Flink Forward is a special time of year in not only Berlin, but also Mountain View, California. At Google we’ve long been fans of the Flink project and advancing stream processing in general. This year, several of us at Google are especially excited to collaborate with dataArtisans and other Apache Flink committers on Apache Beam (incubating). We think that together, Beam and Flink, have a very bright (or should I say Beaming?) future.
Where it all began
In 2007 we started on a project called Millwheel, which would grow into a new data processing model at Google described in the 2013 paper of the same name. Meanwhile in Europe, Flink emerged as described in a 2015 paper into a well-regarded open source execution engine. The people behind the two projects met after the Google Dataflow paper was published in 2015.
The Beam Model
The Dataflow paper pushed primarily one idea: a single model for data processing that unified batch and streaming. But this assertion implied an equally significant idea that I’m not sure any of us fully appreciated at the time: A unified model meant data processing jobs can be made portable across execution engines. As Kostas Tzoumas, CEO of data Artisans, the company behind Flink, puts it:
Our involvement with Beam started very early […] Very quickly, it became apparent to us that the Dataflow model […] is the correct model for stream and batch data processing. We fully subscribed to Google’s vision to unify real-time and historical analytics under one platform […]. Taking a cue from this foundational work, we rewrote Flink’s DataStream API […] to incorporate many of the concepts described in the Dataflow paper […].

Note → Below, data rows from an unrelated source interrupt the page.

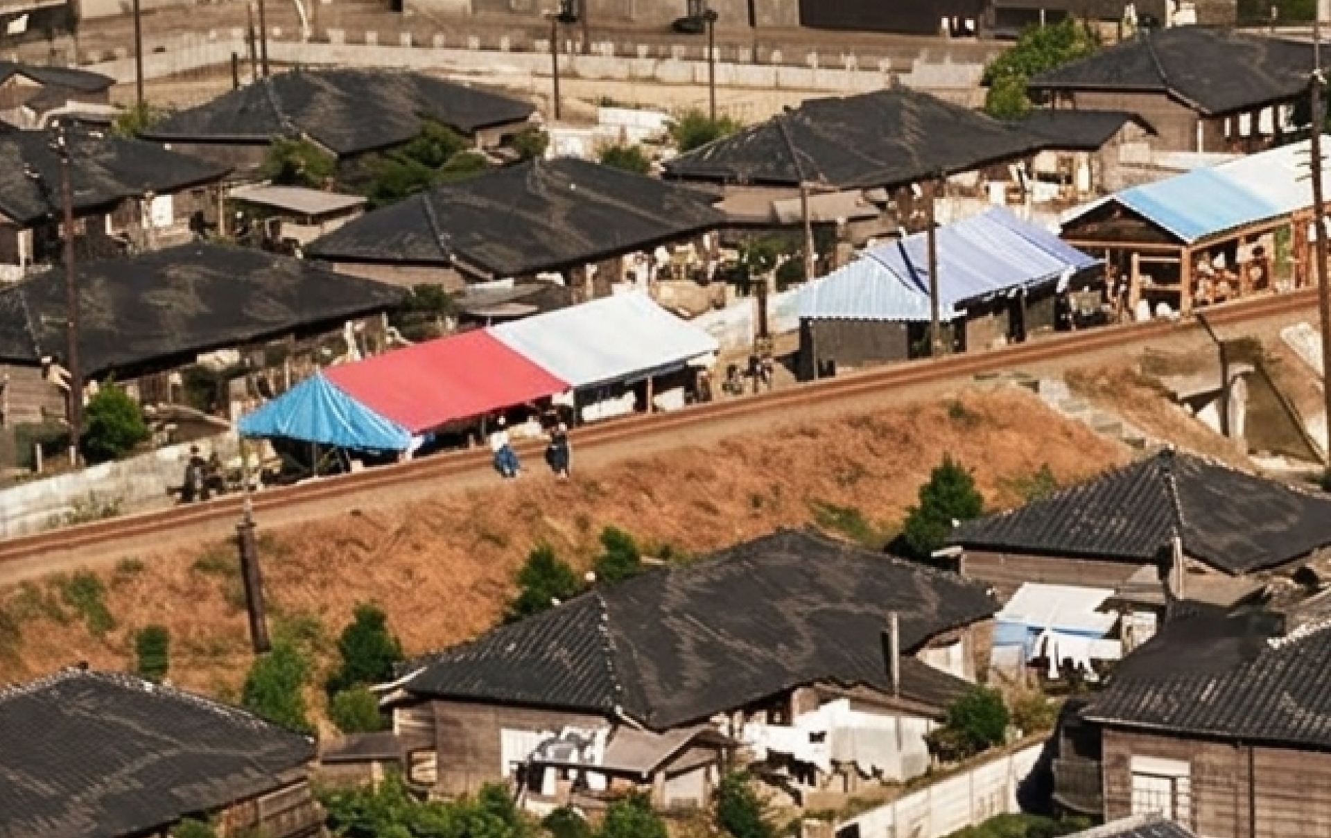社宅だけが明るい灰色の屋根になっているのは、たまたまです。今の駐車場のあたりですが、この社宅の風景は昭和8年から平成初年まで続きました。その後は大きく、大きく変わってしまった。往時の日ノ影線のガードを拡大しておきます。
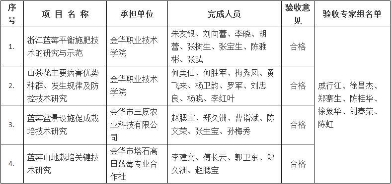 根據《金華市級科技計劃項目驗收管理辦法》(金市科字〔2015〕83號)規(guī)定,現將金華職業(yè)技術學院承擔的《浙江藍莓平衡施肥技術的研究與示范》等市級科技計劃項目驗收結果予以公示,接受社會監(jiān)督,公示期從2018年7月17日至2018年7月24日止。任何單位和個人對驗收意見持有異議的,應當在公示期內書面向市科技局提出異議,單位應采用書面形式并加蓋公章,個人應采用實名提出異議。
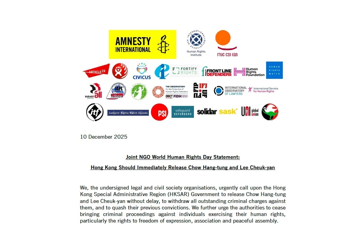 27個國際人權組織、工會和法律界專業團體,在周三(10日)國際人權日發出聯合聲明,呼籲港府釋放已解散的支聯會前正副主席李卓人、鄒幸彤,並容許和平紀念「六四」,與立即廢除所有侵犯人權的法律等。
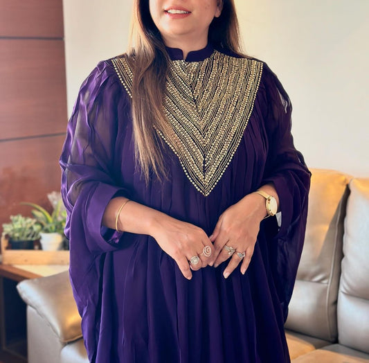 Purple Designer Sequins and Cutdana Georgette Kaftan Style Embellished Co-ord Set
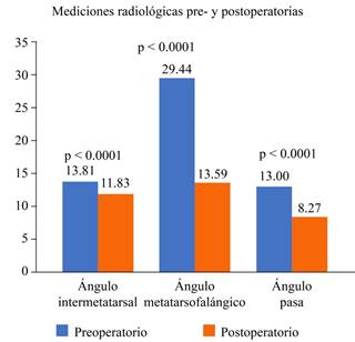 En cuanto a las mediciones radiográficas, estas se toman siempre en proyecciones dorsoplantar y lateral que se toman con los pacientes de pie y con apoyo (Figura 3). Los valores de las mediciones tanto prequirúrgicas como postquirúrgicas se pueden ver en la Figura 4. Nuestros resultados reflejan una disminución en promedio de 2o del ángulo intermetatarsal. Estos valores reflejan una variación de los ángulos consistente con las correcciones logradas en otros estudios mediante el uso de osteotomías distales.8,9
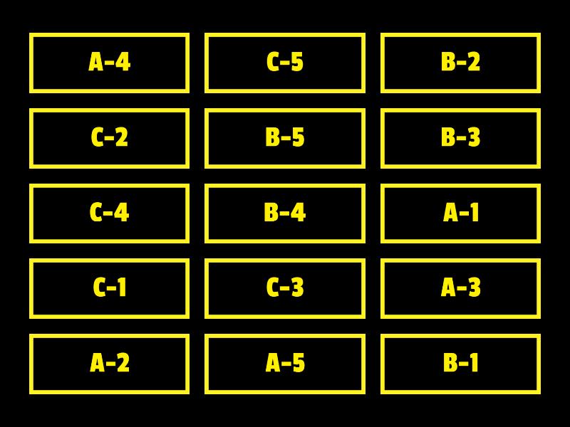 A-1 - clothes, A-2 - closet, A-3 - thousands, A-4 - fortune, A-5 - prospectors, B-1 - jeans, B-2 - wagons, B-3 - business, B-4 - Nevada, B-5 - discovered, C-1 - stripes, C-2 - hunters, C-3 - popular, C-4 - California, C-5 - camouflage,
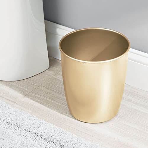 mDesign Small Steel Round Trash Can Bucket – 1.5 Gallon Wastebasket, Garbage Container Bin for Bathroom, Powder Room, Bedroom, Kitchen, Home Office – Hamill Collection – Soft Brass
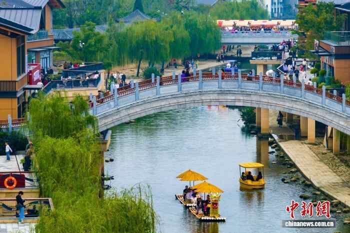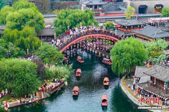 图为襄阳唐城影视基地,游客登上小桥看风景。(无人机照片)张倩龙 摄
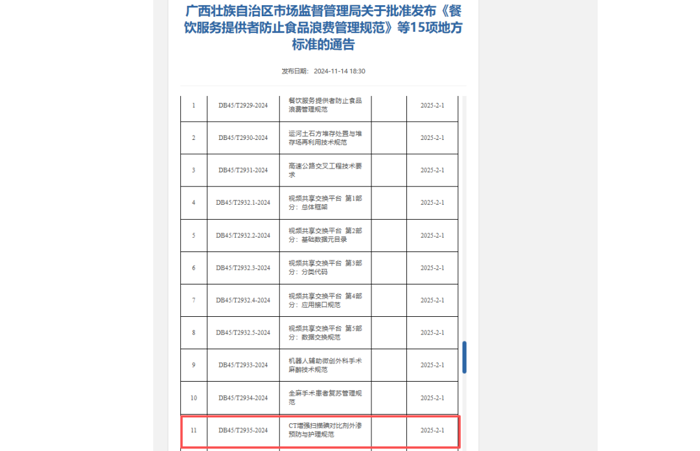 2024年11月14日,广西壮族自治区市场监督管理局正式发布广西首部影像护理类地方标准《CT增强扫描碘对比剂外渗预防与护理规范》(DB45/T2935-2024)。该标准已于2025年2月1日起正式实施。标准对标国家于2024年4月30日正式下发的医疗质控指标(2024年版)要求的国家放射影像质控指标⑤——“增强 CT 检查静脉对比剂外渗发生率(RQI-ICME-01)”,并将其列入《放射影像专业医疗质量控制指标(2024 年版)》核心监测项。
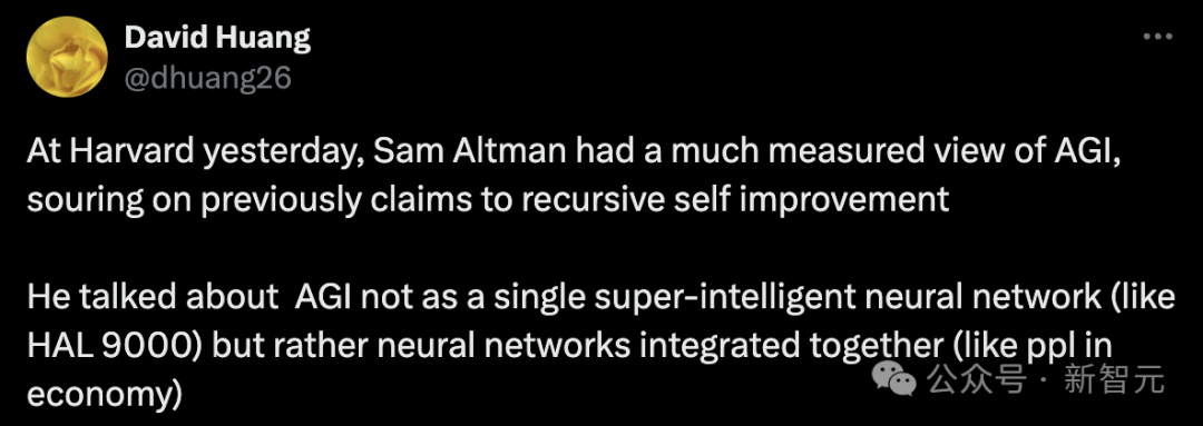 Sam Altman对AGI有了一个更加审慎的观点,并对之前宣称的「递归自我改进」的说法感到失望。
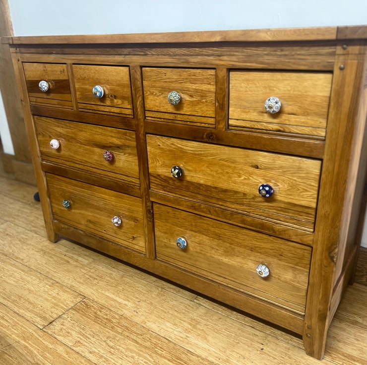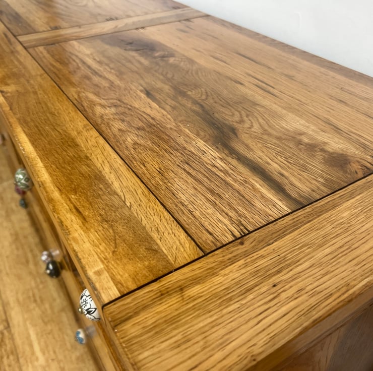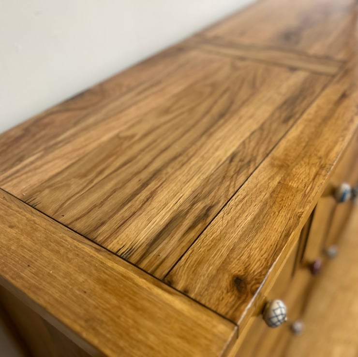 Everything is stained & sealed with all natural products that I mix and match myself, using a mix of natural oils, waxes & stains.
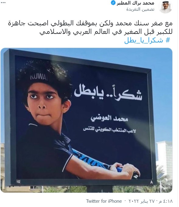 شكرا يا بطل، هكذا حظي اللاعب الكويتي محمد العوضي، لاعب منتخب بلاده للتنس، بإشادات عربية على مواقع التواصل الاجتماعي، تعليقًا على انسحابه من مواجهة اللاعب الإسرائيلي في بطولة دبي، دعمًا للقضية الفلسطينية.
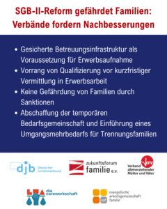 Mit einem gemeinsamen Appell wenden sich die Liga für unbezahlte Arbeit e. V. (LUA), der Deutsche Juristinnenbund e. V. (djb), das Zukunftsforum Familie e. V. (ZFF), der Verband alleinerziehender Mütter und Väter e. V. (VAMV) und die evangelische arbeitsgemeinschaft familie e. V. (eaf) an die Bundesregierung. Die Verbände fordern, dass die geplante Reform des SGB-II die besondere Situation von Menschen mit Fürsorgeverantwortung angemessen berücksichtigt. „Eine nachhaltige Erwerbsintegration braucht verlässliche Rahmenbedingungen. Wer Kinder betreut oder Angehörige pflegt, kann nicht unter Sanktionsdruck in den Arbeitsmarkt gezwungen werden, wenn die strukturellen Voraussetzungen fehlen“, so die gemeinsame Position.
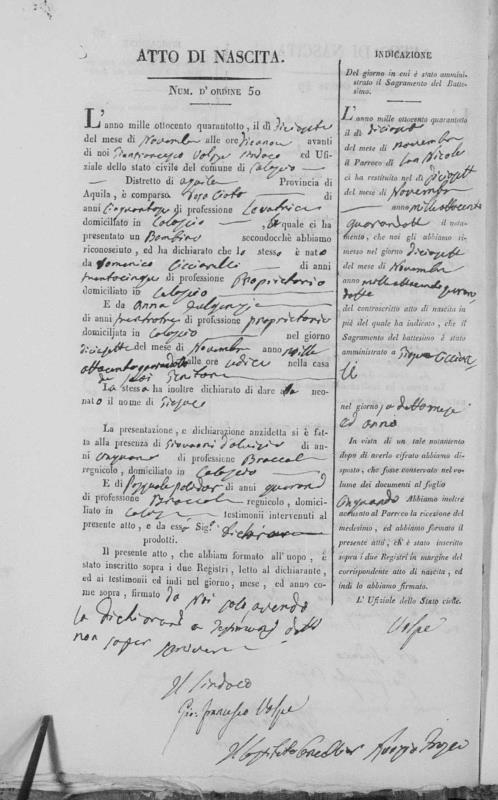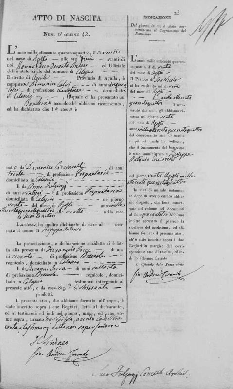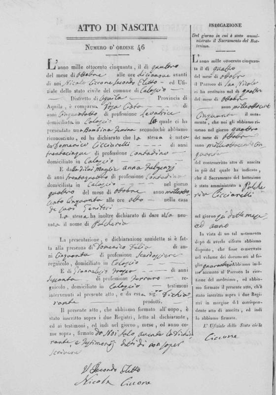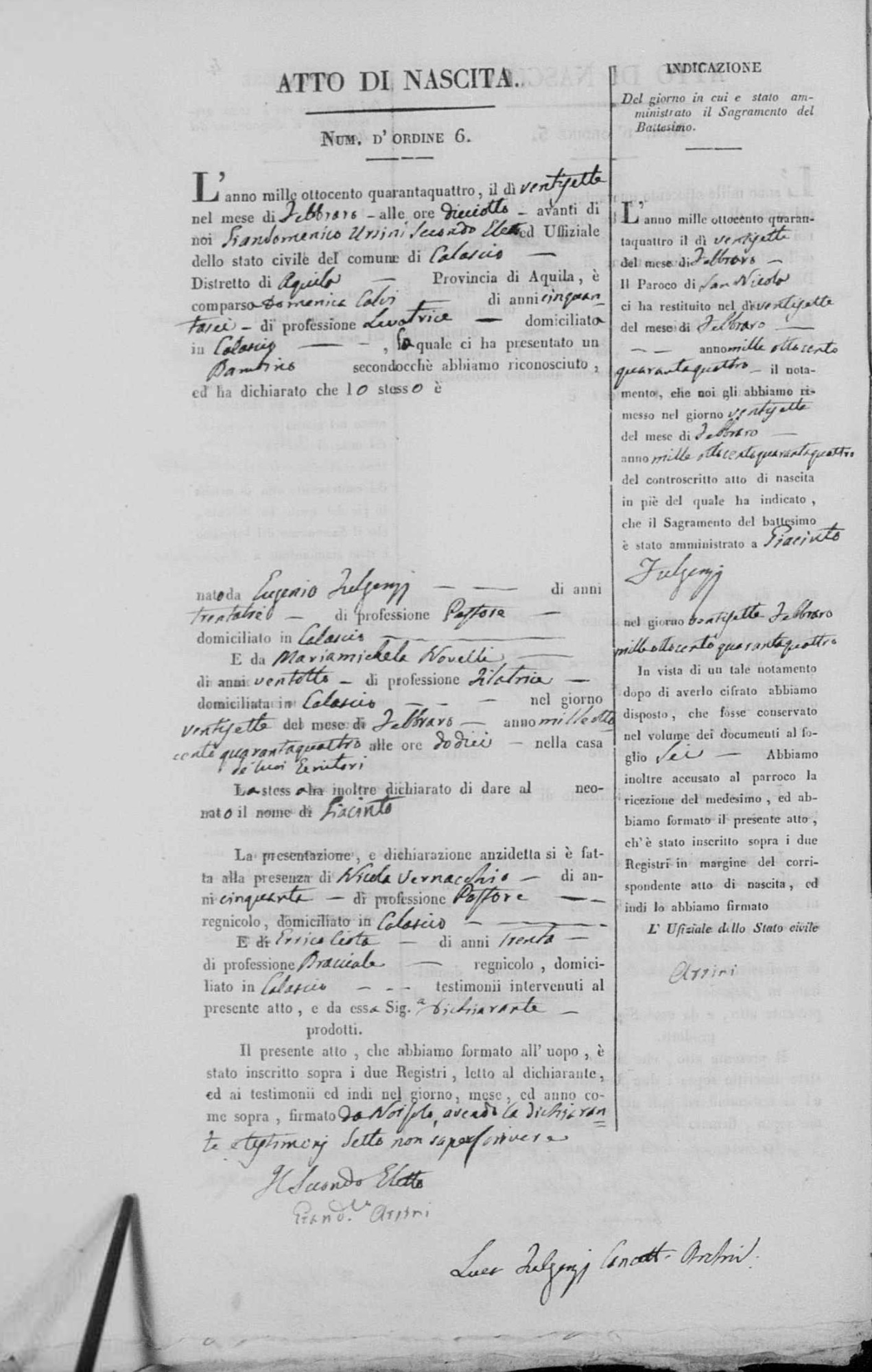 Domenico Cicciarelli was born in 1814 in Calascio, L'Aquila, Abruzzo, Italy. He and
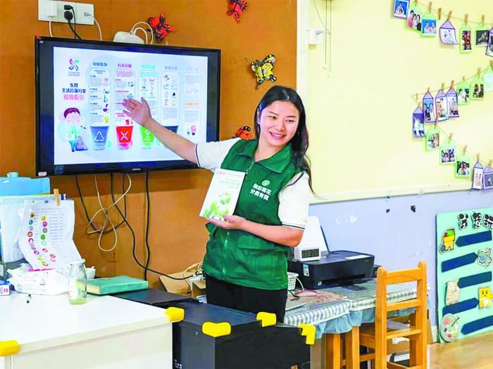 一件舊衣服、一張廢舊紙、一個舊輪胎……這些被扔掉的“垃圾”,在志愿者、雨花臺區(qū)家禾齊修幼兒園老師陳二麗以及孩子們的手中,就會變成一件件小工藝品。陳二麗始終認為,家庭是幼兒生活的第一環(huán)境,對幼兒垃圾分類習慣的養(yǎng)成具有重要作用。為讓家長積極參與到垃圾分類中,她通過晨間談話、家園欄、家委會以及垃圾分類倡議宣誓等活動,激勵家長自主參與到幼兒園垃圾分類工作的策劃與宣傳中。她還通過“21天習慣打卡”引導孩子及家長每日開展垃圾分類行動,從“知道”轉變成“習慣”。

As the Dataflow SDK and the Runners were moving to Apache Incubator as Apache Beam, we were asked by Google to bring the Flink runner into the codebase of Beam […]. We decided to go full st(r)eam ahead with this opportunity as we believe that […] the Beam model is the future reference programming model for writing data applications in both stream and batch […].
Job Portability
As powerful as the ideas behind the model are, years from now people may think of Apache Beam mostly for its portability. While dataArtisans was working on the Flink runner, Cloudera caught wind of the project and the Spark runner soon followed. In the six months since we now see Beam with multiple SDKs, nearly a half dozen runners in the works and contributions from the biggest names in data processing.
Google Cloud Dataflow
Our ultimate goal has always to been to perfect a cloud-native and cloud-only data processing service we call Cloud Dataflow. We’ve recently added Dynamic Work Balancing and Autoscaling that maintain exactly-once processing, which Malo Denielou presented at the conference. Yet, we haven’t let up on our commitment to Beam. We are excited that customers who’ve chosen Apache Beam as their API and Cloud Dataflow as their execution engine have no concerns for lock-in with an increasingly seamless alternative in Flink for on-premise or self-managed Cloud deployments. We look forward, at the close of this Flink Forward, to the next conference and what will come of these projects. Thanks to our mutual communities for all their innovation and contributions.
By Eric Anderson, Product Manager, Google